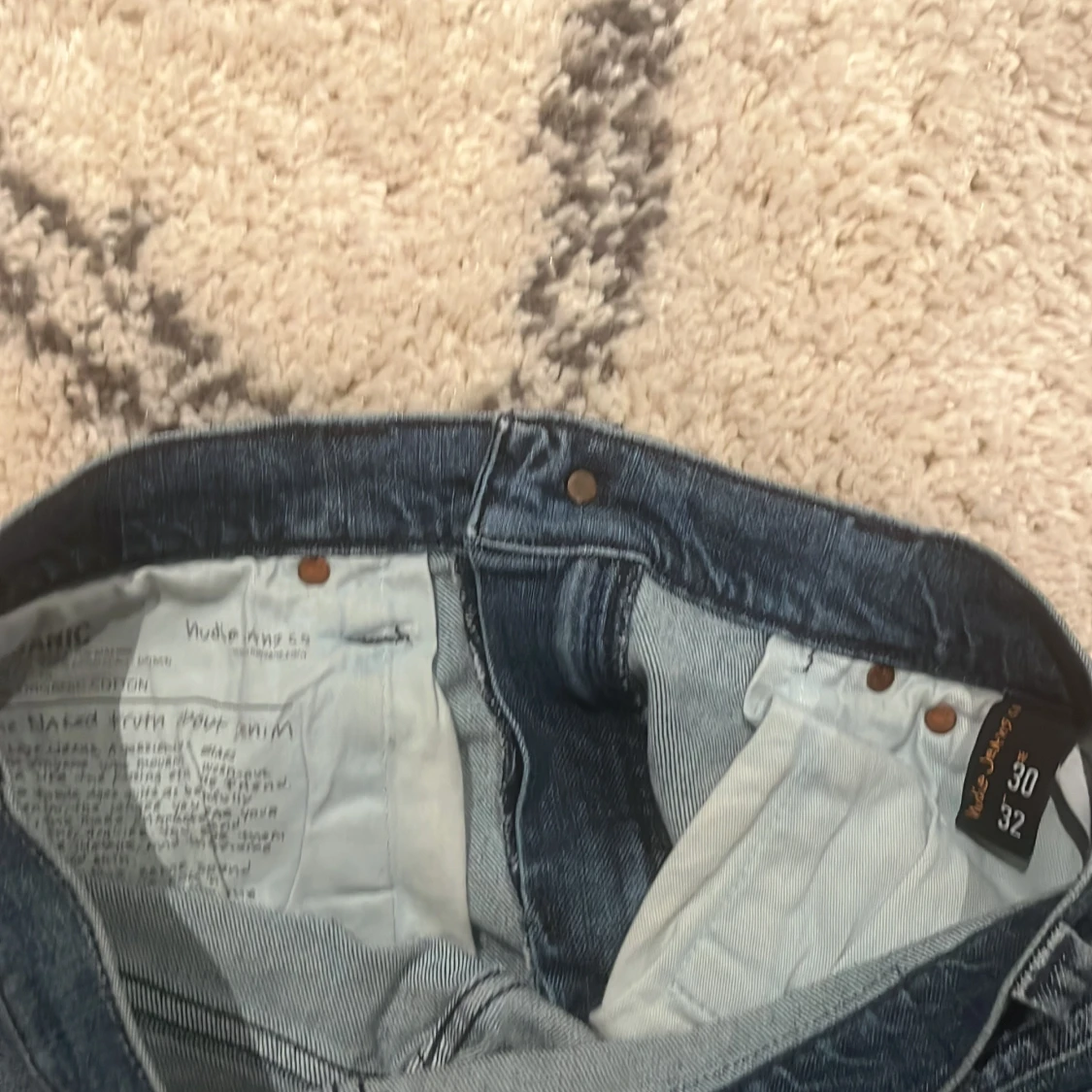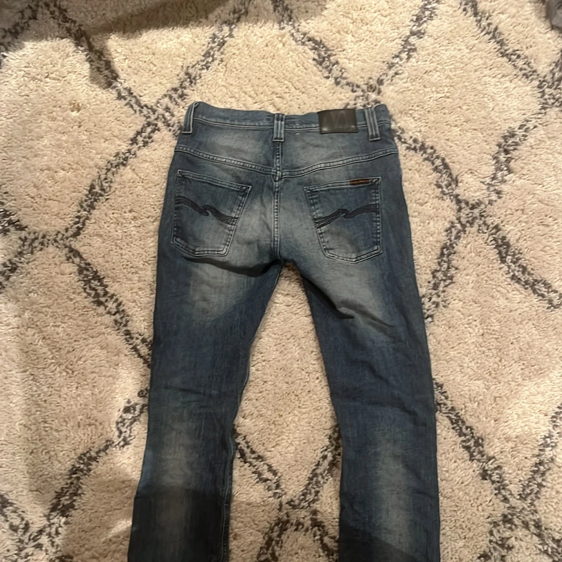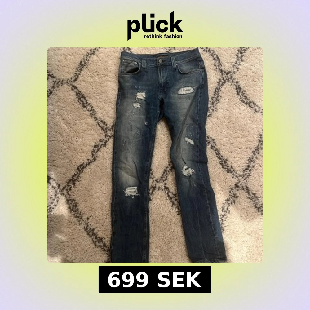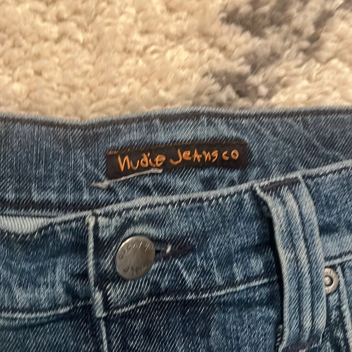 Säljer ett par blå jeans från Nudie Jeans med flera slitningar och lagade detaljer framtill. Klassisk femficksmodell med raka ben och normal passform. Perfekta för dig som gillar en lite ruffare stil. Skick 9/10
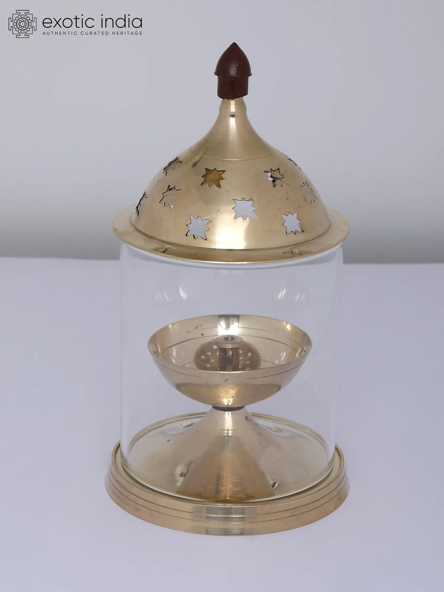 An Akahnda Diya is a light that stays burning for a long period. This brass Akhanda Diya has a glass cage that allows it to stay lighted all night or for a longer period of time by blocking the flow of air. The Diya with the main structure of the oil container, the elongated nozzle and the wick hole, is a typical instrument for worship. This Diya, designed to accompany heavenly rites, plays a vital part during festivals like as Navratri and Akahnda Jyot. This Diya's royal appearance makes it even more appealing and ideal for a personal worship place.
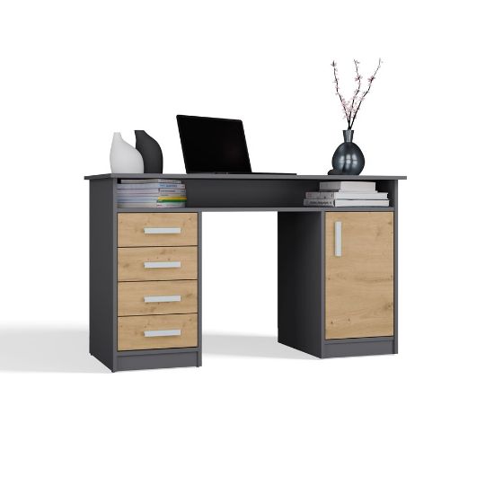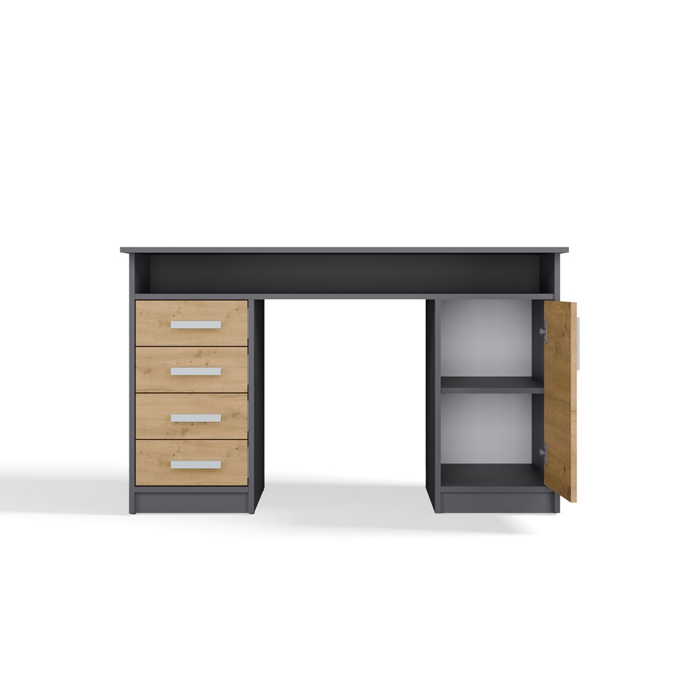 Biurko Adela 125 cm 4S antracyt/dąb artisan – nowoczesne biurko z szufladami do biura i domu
== == ==
▸ **DIRECTIONS FOR THIS TASK**
In your copy, leave out the pictures and reproduce the material above exactly.

▸ **OUTPUT FOR THIS EXERCISE**
 Säljer ett par blå jeans från Nudie Jeans med flera slitningar och lagade detaljer framtill. Klassisk femficksmodell med raka ben och normal passform. Perfekta för dig som gillar en lite ruffare stil. Skick 9/10
 An Akahnda Diya is a light that stays burning for a long period. This brass Akhanda Diya has a glass cage that allows it to stay lighted all night or for a longer period of time by blocking the flow of air. The Diya with the main structure of the oil container, the elongated nozzle and the wick hole, is a typical instrument for worship. This Diya, designed to accompany heavenly rites, plays a vital part during festivals like as Navratri and Akahnda Jyot. This Diya's royal appearance makes it even more appealing and ideal for a personal worship place.
 Biurko Adela 125 cm 4S antracyt/dąb artisan – nowoczesne biurko z szufladami do biura i domu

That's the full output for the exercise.